- UK DVD cover
- Directed by: Michael Lange
- Written by: Caroline Doyle Jill Kargman
- Produced by: Daniela Taplin Lundberg Galt Niederhoffer Ernst Etchie Stroh
- Starring: Dominique Swain; Ben Pullen; Joan Rivers; Peggy Lipton; Kathy Griffin; Billy Porter; Anna Levine; Paulina Porizkova;
- Cinematography: Rodney Charters
- Edited by: Anita Brandt-Burgoyne
- Music by: Jimmy Harry
- Production companies: Given Films Moonstone Entertainment
- Distributed by: L'Intern LLC
- Release date: January 21, 2000 (Sundance);
- Running time: 90 minutes
- Country: United States
- Language: English

= The Intern (2000 film) =

Film by Michael Lange

Intern is a 2000 American satirical comedy film directed by Michael Lange about the shallow world of fashion magazines. It stars Dominique Swain, Joan Rivers, Peggy Lipton, Paulina Porizkova and Kathy Griffin. The film features multiple cameo appearances including Tommy Hilfiger, Kenneth Cole, Diane von Fürstenberg, Kevyn Aucoin, André Leon Talley, Samia Shoaib, and Gwyneth Paltrow.

Caroline Doyle and Jill Kargman, both of whom had stints in fashion journalism at Mademoiselle, Harper's Bazaar, and Interview magazines, wrote the screenplay. The film had its world premiere at the Sundance Film Festival on January 21, 2000.

==Plot==
Jocelyn Bennett is an intern at the fictional New York City magazine, Skirt. Horribly mistreated, overworked, and underpaid, Jocelyn lives for Skirt, especially the photo spreads.
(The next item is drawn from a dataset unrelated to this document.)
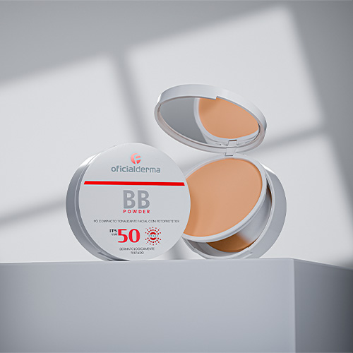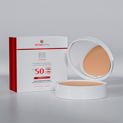 Com acabamento mate e cobertura leve, o BB Powder FPS 50 oferece alta proteção contra os raios UVA, UVB e luz visível, enquanto uniformiza o tom da pele com um toque natural. Sua textura ultrafina controla a oleosidade ao longo do dia, garantindo uma pele sequinha e protegida. Atua como maquiagem com tratamento, promovendo cobertura natural, hidratação com ácido hialurônico e ação antioxidante.

A spy begins to hand over Skirts spreads and story ideas to its rival glossy, Vogue. Skirt magazine finds itself in a bind and some people begin speculating who the infiltrator (everyone refers to the spy as a "yuri") might be. After some fingers begin to point at Jocelyn, she seeks to apprehend the spy and clear her name. Along the way, she meets Paul Rochester, the British deputy art director at Skirt, with whom she has much in common. When she finds herself falling in love, one thing stands in her way: Paul's supermodel girlfriend, Resin. Jocelyn continues to search for the spy but several obstacles stand in her way, including Art Director Sebastian Niedarfarb, who believes she is the spy and consistently puts Jocelyn down. However, as she begins to climb the ranks, she begins to stand out to the editors who realize her potential, though they quickly forget it. To make Paul jealous, she starts dating a photo shoot tech named Alex, though the relationship doesn't last. Jocelyn later learns that Resin is only dating Paul because he is related to Prince Charles. Soon after, the spy is apprehended. For her work, Jocelyn is made an assistant, on staff, and finally gets better treatment from her colleagues. During a party thrown by Skirt, Resin dumps Paul for another model, and Paul and Jocelyn get engaged. Two years later, the happy couple are shown on a PBS tour done by the newest intern at Skirt. Jocelyn has been made the senior photo editor at the magazine and Paul accomplished his dream of becoming a famous artist. They are set to be married in a few months.

==Cast==
- Dominique Swain as Jocelyn Bennett
- Ben Pullen as Paul Rochester
- Leilani Bishop as Resin
- Peggy Lipton as Roxanne Rochet
- Paulina Porizkova as Chi Chi Chemise
- Billy Porter as Sebastian Niederfarb
- Kathy Griffin as Cornelia Crisp
- Anna Levine as Antoinette De la Paix
- Joan Rivers as Dolly Bellows
- Tommy Hilfiger as himself
- André Leon Talley as himself
- Diane von Fürstenberg as herself
- Kevyn Aucoin as himself
- Kenneth Cole as himself
- Gwyneth Paltrow as herself

==Reception==
On Rotten Tomatoes, the film holds an approval rating of 38% based on reviews from 8 critics, with an average rating of 5.7/10.

While some critics praised the dialogue and writing of the film and said it contained a “few entertaining moments", others said it was "a disappointingly flat and familiar look at the glamour industry." Stephen Holden of The New York Times said, "The biggest mystery about Intern is how a film about people who are obsessed with appearances could wind up looking so hopelessly drab and tacky." Stephen MacMillan Moser of The Austin Chronicle said, "Intern isn't a particularly deep movie, but, to paraphrase Karl Lagerfeld, fashion is not the same thing as feeding the hungry and curing the ill."